While he finds the notion of working with emerging technologies exciting, Ruth’s interest in computer science and electrical engineering comes down to improving the world around him.

“The demand for these fields comes directly from a need to overcome challenges to ultimately improve life for people,” he said. “As the problems we want to solve have become more and more complex and detailed, many times the accuracy and capabilities required to solve these problems can only be achieved through computers or automated systems. Computer scientists and electrical engineers will play a critical role in meeting those needs.”

He said the biggest challenge in his field will be creating these systems while keeping up with shrinking technology and finding cleaner, more efficient ways to power all this tech.

Now in his junior year, Ruth said he’s working hard to stay on schedule.

He commutes to campus from his home in Beckley, where he lives with his wife, Gina. When he’s not mastering the principles of circuitry or testing the waters in a new programming language, he spends his time reading and gaming.

Ruth is a multi-talented musician who sings and plays guitar, bass and piano. He likes to spend time building and repairing things, and more often than not, those interests collide. Right now, for instance, he’s building a guitar from scratch.

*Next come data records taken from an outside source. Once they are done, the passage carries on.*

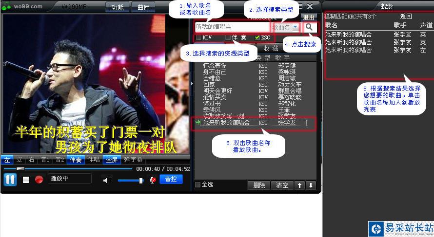 1、打開(kāi)wo99伴奏盒,10萬(wàn)首優(yōu)質(zhì)帶歌詞立體聲原版伴奏,9萬(wàn)首高品質(zhì)KSC伴奏以及歌詞,大家可以按照?qǐng)D上標(biāo)示步驟操作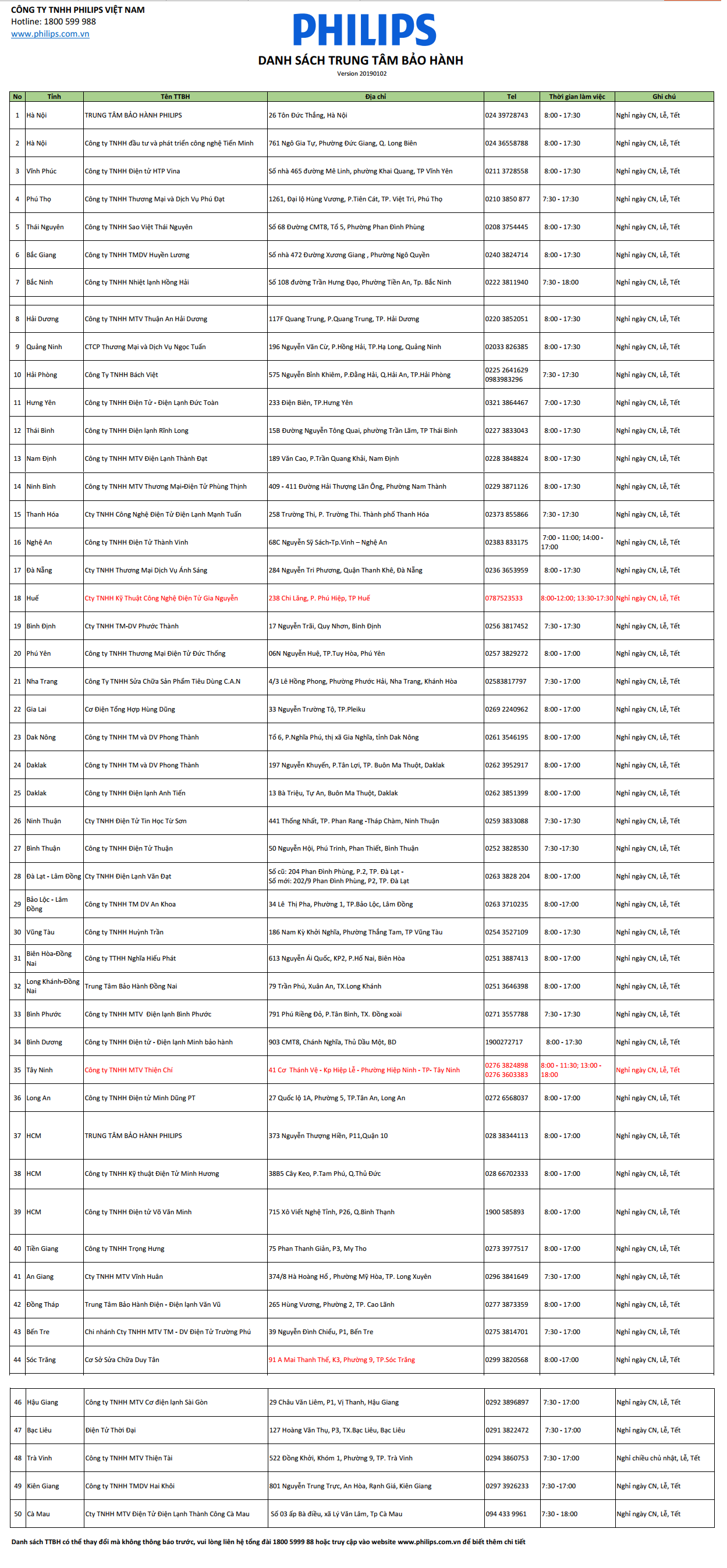 Đối với các sản phẩm vẫn còn trong thời gian bảo hành, trung tâm bảo hành Philips cam kết sẽ xử lý và hỗ trợ một cách nhanh chóng nhất. Hãy nhớ rằng, thời gian làm việc có thể thay đổi, vì vậy tốt nhất là kiểm tra thông tin trước khi tới.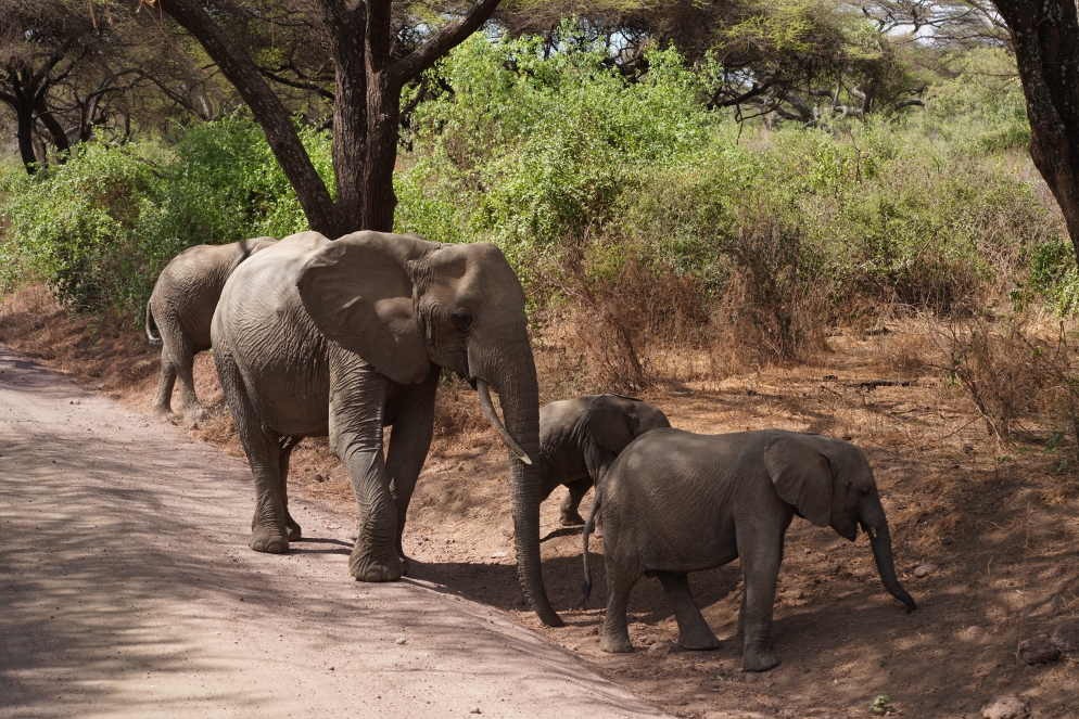 Das war ein langer Tag. Los ging es heute schon um 7:00h zum Game Drive im Manyara NP. Der Park ist ziemlich klein, für hiesige Verhältnisse, trotzdem war die Rückfahrt vom Ende des NP zum  Gate über 10km lang. Los ging es mit Affen und Hornvögeln, dann direkt ein Leopard, leider sehe ich ihn zu spät und daher gibt es nur ein Bild von der Hinteransicht als er sich uns Dickicht verdrückt. Lake Manyara ist ganz anders als die bisherigen Parks, sehr viele Bäume, daher sind die Tiere nur schwer aus zu machen. Was wir zu hauf sehen sind Elefanten, richtige Kolosse und ich mache die bisher besten Elefantenbilder. Nach der Parkbesichtigung geht es in die Verkaufsstelle für Tanzanit, einen blauen Edelstein der hier abgebaut wird. Hauptsächlich geht es aber darum unsere Lunchboxen zu verzehren. Danach geht es auf den langen Weg nach Serengeti, der uns auch durch den Ngorgoro NP führt. Da es gut geregnet hat, ist die unbefestigte Strasse rutschig wie auf Schmierseife. Das zweite Auto unserer Truppe fährt sich fest und eine Tragödie zur wieder Mobilmachung kommt in Gang. Es werden viel Kommandos von allen möglichen Leuten gegeben. Wobei man feststellen muss, dass unsere beiden Guides zwar Wortführer sind, aber sich selbst nicht schmutzig machen. So geht es weiter, immer mal wieder muss ein Auto flott gemacht werden. Meist dadurch, dass der nasse Strassenbelag abgeschaufelt wird. So brauchen wir für 2km 2 Stunden. Danach bleibt natürlich keine Zeit mehr für Fotostopps und Pinkelpausen, es geht nur noch mit Vollgas über die Waschbrett Pisten. Teilweise mit bis zu 100km/h, verrückt wie die Autos das aushalten die diese Tortur wöchentlich bekommen. Die Landschaft wechselt wieder, das Gras wird gelb und das Land flach. Im Serengeti Park sind 50km/h erlaubt, aber es geht einfach weiter. Schließlich waren wir um 20:15 in der Lodge, die hat wieder was von Wutztown im Phantasialand. Abendessen und danch war es auch schon Zeit ins Bett zu gehen. This was really Africa!

It’s a lot of work, balancing life and two rigorous majors, but Ruth said he’s excited about everything he’s learning. His advice for students studying computer science or electrical engineering is to do the same – dig into it wherever they can.

“So far, my experience has been that the best way to learn is to spend time working with the tools of the field. Write programs in several languages, and try to solve problems that you have in your life, even if a program already exists for it. Get your hands dirty with electrical components and devices. Learn about them, build them and take them apart,” he said.

“These things provide a great context for what is learned in the classroom and really help the concepts stick and relate to each other. It also helps you realize the challenges that you might face in your career and where your personal weaknesses may be so that you can strengthen them,” he said.